The extraction of the pitch lag parameter is
Generating a signal set representing a linear predictive coding residual for the current subframe;
Forming a cross-correlation for each of the ranges of delay values based on the linear predictive coding residuals of the current subframe and the linear predictive coding residuals of a plurality of previous subframes;
18. The method of claim 17, comprising selecting a pitch delay parameter based on the cross-correlation delay value having a maximum value.

Prior to forming the cross-correlation, the linear predictive coding residuals of the current subframe and the previous subframe are decimated,
The method of claim 18, further comprising reflecting the time decimation by adjusting a selected value of the delay parameter.

The plurality of pitch predictor tap weights includes three tap weights;
The long-term synthesis filter is:

Having a transfer function given by
The storage step further includes storing one or more pitch tap vectors corresponding to each possible set of quantized tap weights, the storing step comprising:
_{_{y = [2b 1, 2b 2}} , 2b 3, -2b 1 b 2, -2b 2 b 3, -2b 3 b 1, -b 1 2, -b 2 2, -b 3 2] T
The method of claim 17 including the step of storing a vector given by:

The input sample sequence is a current input sample sequence in a plurality of consecutive input sample sequences, the plurality of input sample sequences include at least one input sample sequence preceding the current input sample sequence, and the synthesis filter includes a memory And the memory stores a residual signal reflecting code vector information corresponding to at least a portion of at least one input sample sequence preceding the current input sample sequence, the residual signal being the candidate code vector Contribute to
The method according to claim 1, further comprising removing a contribution from the input sample sequence to the candidate code vector before the step c.

The method of claim 1, wherein step c includes aurally weighting the input sample sequence and the candidate code vector prior to the comparison.

The input sample sequence is a current input sample sequence in a plurality of consecutive input sample sequences, the plurality of input sample sequences include at least one input sample sequence preceding the current input sample sequence, and the synthesis filter includes a memory And the memory stores a residual signal reflecting code vector information corresponding to at least a portion of at least one input sample sequence preceding the current input sample sequence, the residual signal being the candidate code vector Contribute to
23. The method of claim 22, further comprising the step of removing contributions to the candidate code vector from an input sample sequence prior to step c.

The number of gain-adjusted codevectors as M, the plurality of codevectors comprises M / 2 pieces of linearly independent codevectors,
Step c includes comparing M code vectors, the M code vectors being based on the M / 2 linear independent code vectors and the two positive and negative sign values of the code vectors. The method according to claim 1.

The method of claim 1, further comprising the step of storing output indices and filter parameters.

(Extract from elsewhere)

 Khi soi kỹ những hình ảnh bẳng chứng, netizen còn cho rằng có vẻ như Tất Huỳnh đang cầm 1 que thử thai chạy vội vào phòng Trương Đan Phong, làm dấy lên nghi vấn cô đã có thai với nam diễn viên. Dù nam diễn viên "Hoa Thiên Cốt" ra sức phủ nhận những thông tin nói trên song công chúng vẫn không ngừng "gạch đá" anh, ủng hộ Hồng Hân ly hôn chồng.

The method of claim 1, further comprising the step of transmitting the output indicator and filter parameters to a communication medium.

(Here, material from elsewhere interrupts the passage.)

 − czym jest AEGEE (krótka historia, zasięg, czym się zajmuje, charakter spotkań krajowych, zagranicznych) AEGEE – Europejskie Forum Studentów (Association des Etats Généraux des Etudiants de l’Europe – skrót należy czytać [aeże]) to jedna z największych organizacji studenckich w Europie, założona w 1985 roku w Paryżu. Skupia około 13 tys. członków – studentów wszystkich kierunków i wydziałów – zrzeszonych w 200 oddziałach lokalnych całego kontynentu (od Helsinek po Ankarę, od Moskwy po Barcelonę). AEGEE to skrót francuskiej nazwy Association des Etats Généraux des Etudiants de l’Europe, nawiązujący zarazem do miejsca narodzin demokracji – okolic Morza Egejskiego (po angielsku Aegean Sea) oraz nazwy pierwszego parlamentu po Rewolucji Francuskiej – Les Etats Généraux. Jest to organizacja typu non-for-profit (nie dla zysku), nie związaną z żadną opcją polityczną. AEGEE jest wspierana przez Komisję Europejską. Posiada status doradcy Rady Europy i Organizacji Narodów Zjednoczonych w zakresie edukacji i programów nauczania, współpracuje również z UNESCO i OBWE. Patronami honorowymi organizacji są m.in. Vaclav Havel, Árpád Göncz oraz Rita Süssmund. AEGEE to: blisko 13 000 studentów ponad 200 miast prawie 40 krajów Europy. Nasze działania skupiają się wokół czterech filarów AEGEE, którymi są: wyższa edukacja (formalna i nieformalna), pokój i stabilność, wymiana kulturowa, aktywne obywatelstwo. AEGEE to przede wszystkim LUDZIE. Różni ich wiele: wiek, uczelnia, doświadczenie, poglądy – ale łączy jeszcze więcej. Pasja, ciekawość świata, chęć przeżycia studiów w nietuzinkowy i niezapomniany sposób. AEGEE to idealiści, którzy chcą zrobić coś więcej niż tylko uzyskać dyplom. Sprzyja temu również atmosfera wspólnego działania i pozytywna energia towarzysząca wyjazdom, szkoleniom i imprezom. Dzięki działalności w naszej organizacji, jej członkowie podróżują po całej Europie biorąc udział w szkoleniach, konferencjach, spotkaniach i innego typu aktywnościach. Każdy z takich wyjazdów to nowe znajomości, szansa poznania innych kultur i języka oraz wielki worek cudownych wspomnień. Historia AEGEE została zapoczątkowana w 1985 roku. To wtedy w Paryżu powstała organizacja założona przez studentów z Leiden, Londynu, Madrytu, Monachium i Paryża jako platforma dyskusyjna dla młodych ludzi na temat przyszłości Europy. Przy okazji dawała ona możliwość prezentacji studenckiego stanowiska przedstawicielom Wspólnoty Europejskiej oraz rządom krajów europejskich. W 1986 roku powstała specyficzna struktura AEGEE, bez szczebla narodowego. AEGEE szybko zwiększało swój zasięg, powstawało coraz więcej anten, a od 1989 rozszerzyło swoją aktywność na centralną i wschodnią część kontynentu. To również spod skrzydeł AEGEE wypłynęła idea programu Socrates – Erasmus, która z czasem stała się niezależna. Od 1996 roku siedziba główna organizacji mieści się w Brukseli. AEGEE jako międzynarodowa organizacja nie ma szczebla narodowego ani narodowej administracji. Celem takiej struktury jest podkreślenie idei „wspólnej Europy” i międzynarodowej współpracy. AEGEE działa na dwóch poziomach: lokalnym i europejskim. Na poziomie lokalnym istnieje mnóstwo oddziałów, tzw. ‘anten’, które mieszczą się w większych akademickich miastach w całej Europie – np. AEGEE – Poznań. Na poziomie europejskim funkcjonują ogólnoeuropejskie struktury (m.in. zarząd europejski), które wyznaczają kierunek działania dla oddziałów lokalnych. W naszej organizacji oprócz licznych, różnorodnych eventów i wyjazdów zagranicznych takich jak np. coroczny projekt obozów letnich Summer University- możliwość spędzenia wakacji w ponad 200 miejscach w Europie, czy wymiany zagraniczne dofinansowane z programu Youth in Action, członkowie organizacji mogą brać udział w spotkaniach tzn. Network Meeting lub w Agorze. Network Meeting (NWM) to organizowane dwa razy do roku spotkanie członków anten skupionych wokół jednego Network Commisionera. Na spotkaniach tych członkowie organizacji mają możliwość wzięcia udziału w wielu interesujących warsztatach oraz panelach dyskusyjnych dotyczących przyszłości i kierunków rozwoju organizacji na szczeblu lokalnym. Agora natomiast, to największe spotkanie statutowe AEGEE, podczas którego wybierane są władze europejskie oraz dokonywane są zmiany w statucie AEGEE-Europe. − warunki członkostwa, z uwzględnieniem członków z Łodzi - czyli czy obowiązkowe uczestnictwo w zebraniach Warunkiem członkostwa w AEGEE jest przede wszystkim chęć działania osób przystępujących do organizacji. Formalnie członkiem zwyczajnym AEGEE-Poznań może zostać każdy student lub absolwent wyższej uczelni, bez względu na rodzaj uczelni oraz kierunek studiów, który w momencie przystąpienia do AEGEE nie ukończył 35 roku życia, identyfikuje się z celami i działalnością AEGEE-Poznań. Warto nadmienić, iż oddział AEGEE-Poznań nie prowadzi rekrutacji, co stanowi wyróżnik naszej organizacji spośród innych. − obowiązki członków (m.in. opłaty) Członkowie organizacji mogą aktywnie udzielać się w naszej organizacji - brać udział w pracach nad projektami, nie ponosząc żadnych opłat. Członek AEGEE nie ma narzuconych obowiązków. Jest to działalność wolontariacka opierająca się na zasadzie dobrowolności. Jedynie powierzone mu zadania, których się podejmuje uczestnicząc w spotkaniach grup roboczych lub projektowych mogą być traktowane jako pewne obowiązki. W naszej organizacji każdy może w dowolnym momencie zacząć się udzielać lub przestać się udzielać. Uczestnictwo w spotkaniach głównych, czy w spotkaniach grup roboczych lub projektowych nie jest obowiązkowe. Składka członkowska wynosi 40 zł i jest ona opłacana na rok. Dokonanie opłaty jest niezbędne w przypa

The method processes the previously set additional input samples string following the processed input sample sequence,
e. Adjusting a filter parameter of the synthesis filter in response to a previous input sample sequence;
f. Repeating steps a to d for the next input sample sequence in the set of additional input sample sequences;
g. The method of claim 1, further comprising repeating steps e and f until each column in the set of additional input sample sequences is processed.

The method according to claim 1, wherein the step c includes determining a candidate code vector having a minimum difference from the input sample sequence.